Alors que l’hiver dernier la face Nord de Cima Busazza était en excellent état, offrant des lignes pleines de glace alpine, elle est actuellement complètement sèche. Cependant, sur le petit contrefort à droite de la face principale, j’avais déjà repéré l’année dernière trois virages parallèles très intéressants et bien adaptés pour être gravis même dans ces conditions. La particularité de ces trois coins est qu’ils sont toujours totalement dépourvus de glace, même dans les années les plus favorables. Puisque les conditions ne seront jamais meilleures que celles actuelles, pourquoi ne pas y aller ? Stefano Falezza était d’accord avec mon raisonnement et a immédiatement accepté ma proposition.
J’avais déjà gravi le virage à droite au printemps dernier avec Fabio Tamanini, lorsque le 14 avril nous avons établi Putain de printemps (200m, M6). Alors maintenant, avec Stefano, nous voulions voir ce que le coin gauche – le plus grand des trois – avait à « offrir ».
Après quelques mésaventures lors de l’approche, dues au fait que mes peaux ne voulaient plus rester collées à mes skis, nous atteignons la base avec un retard important. Ce n’est qu’à midi que Stefano, patient et glacial, s’est préparé à mener le premier lancer, qui offrait étonnamment une bonne quantité de glace alpine. Un lancer ultérieur sur neige nous amène en vue du grand croner, objectif du jour, qui se révèle désormais dans toute sa splendeur.
Mais pour l’atteindre, nous avons dû franchir un dernier obstacle, et c’est Stefano qui l’a surmonté. C’était un petit coin, mais son début était complètement fluide – non seulement pour le placement des crampons et des haches, mais il manquait également tout semblant de fissure pour la protection. Le mieux que Stefano pouvait faire était d’enfoncer un pénis douteux avec sa hache, de prendre une profonde inspiration, puis de se lancer sur le terrain M7, en courant sur des crochets et des points d’appui pratiquement inexistants. Heureusement, après quelques mètres palpitants, la situation s’est considérablement améliorée, tant en termes de placement des équipements que des haches. Lorsque je l’ai rejoint au relais, je n’ai pu m’empêcher de féliciter mon partenaire pour cette avance.

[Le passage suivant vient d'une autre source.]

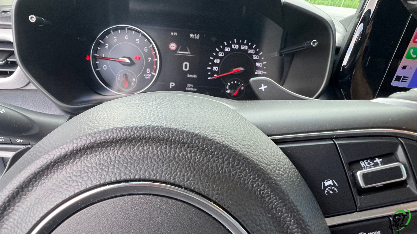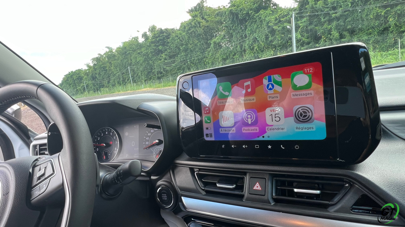 A l’intérieur, une nouvelle planche de bord bi-ton se tourne vers le conducteur et son passager, l’ergonomie est quasi parfaite… Le tableau de bord se dote d’un écran tactile de 9 pouces orienté vers le conducteur qui intègre les connections USB et Wi-Fi®. Il prend en charge Apple CarPlay® et Android Auto™ permettant l’usage de nombreuses applications il est associé à un écran à aiguilles qui vient parfaire les informations de conduite. L’ensemble est de bonne qualité même si l’assemblage est parfois un peu leger…

Le contrefort à droite de la face principale est peu élevé et propose des voies de 4 ou au maximum 5 longueurs. Il ne restait donc à ce stade que le lancer final, et c’était justement le grand virage, l’objectif du jour. Les premiers mètres n’étaient pas difficiles, mais au fur et à mesure que je montais, la difficulté augmentait et des mouvements athlétiques en surplomb alternaient avec des mouvements plus techniques et précaires sur de petites carres. Il n’y avait aucun répit dans l’escalade continue ; les lames se tordirent dans les fissures du granit, hurlant brusquement, mais à la fin, ce furent mes mollets qui souffraient le plus, commençant à brûler plus que mes bras. Après 30 mètres sans un seul repos, je suis sorti du virage, et avec encore 30 mètres plus faciles, j’ai atteint la crête, où j’ai installé le relais pour faire remonter Stefano.

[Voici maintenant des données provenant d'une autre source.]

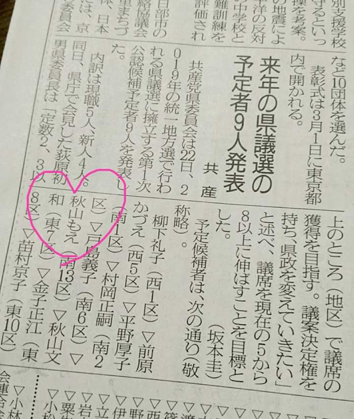 秋山もえ/ 上尾市議会議員3期目/ 家族は夫&こども3人/ 1976年2月11日に千葉県木更津市に生まれる/ Ally(性的マイノリティ支持)/ 手話を勉強中/ 自営パン屋を営む両親の手伝いをしながら育つ/ 小・中・高校と陸上競技、水泳、ロードレース、バスケットなどスポーツばかりの日々/ 身長170㎝/ 新聞奨学生として朝日新聞の配達・集金をしながら予備校2年間を足立区北千住&大学4年間を板橋区中板橋で過ごす/ 大学に在学中に日本共産党に入党/ ウルドゥー語(パキスタンの言語)を専攻/ 2000年3月大東文化大学国際関係学部卒業/ 2000年日本共産党埼玉県委員会勤務/ 2007年上尾市議会議員選挙に立候補・初当選/ 好きな食べ物は母がつくるすいとん、ひじき、豆腐、納豆、さつまいも、いちご、チョコレート/ お酒は梅酒を一杯くらいしか飲めない/ タバコは大嫌い/ 埼玉県上尾市西上尾第二団地2-19-503在住/ 048-783-0503/ 090-5394-7971/ mugendai2010@docomo.ne.jp

Pour terminer la journée, il ne restait plus qu’à descendre en rappel la Via Teti adjacente et enfin descendre à ski jusqu’au Passo del Tonale sur le peu de neige tombée cet hiver.
Cet itinéraire, Logique naturelle, presque entièrement dépourvu de glace, rappelle par sa morphologie et son style l’escalade mixte écossaise, avec cependant d’évidentes différences climatiques. C’est pour cette raison que nous nous en sommes inspirés dans presque tous les aspects, en laissant le parcours exempt de matériel in situ, y compris les relais. Une petite différence est que nous avons utilisé deux piquets standards sur le terrain crucial, tous deux laissés sur place ; seule la hâte nous a empêché de les récupérer. En Écosse, ils ne seraient probablement pas utilisés, alors que nous avons décidé de les inclure dans notre support de protection traditionnel aux côtés des écrous, des cames et des picots, car les piquets font partie de notre tradition d’escalade centenaire dans les Alpes. Nous demandons aux futurs répétiteurs de respecter notre style de première ascension et de ne pas ajouter d’engins fixes supplémentaires. En fait, quiconque souhaite retirer les deux piquets est invité à le faire, afin de laisser le parcours entièrement libre de matériel permanent.
Bref, cet itinéraire et les autres que j’ai établis sur ce contrefort sont destinés à ceux qui aiment ce style d’escalade particulier, si rare ici dans les Alpes, où il semble souvent – et c’est souvent le cas – qu’il s’agisse d’une course pour équiper et remplir nos montagnes de matériel in situ.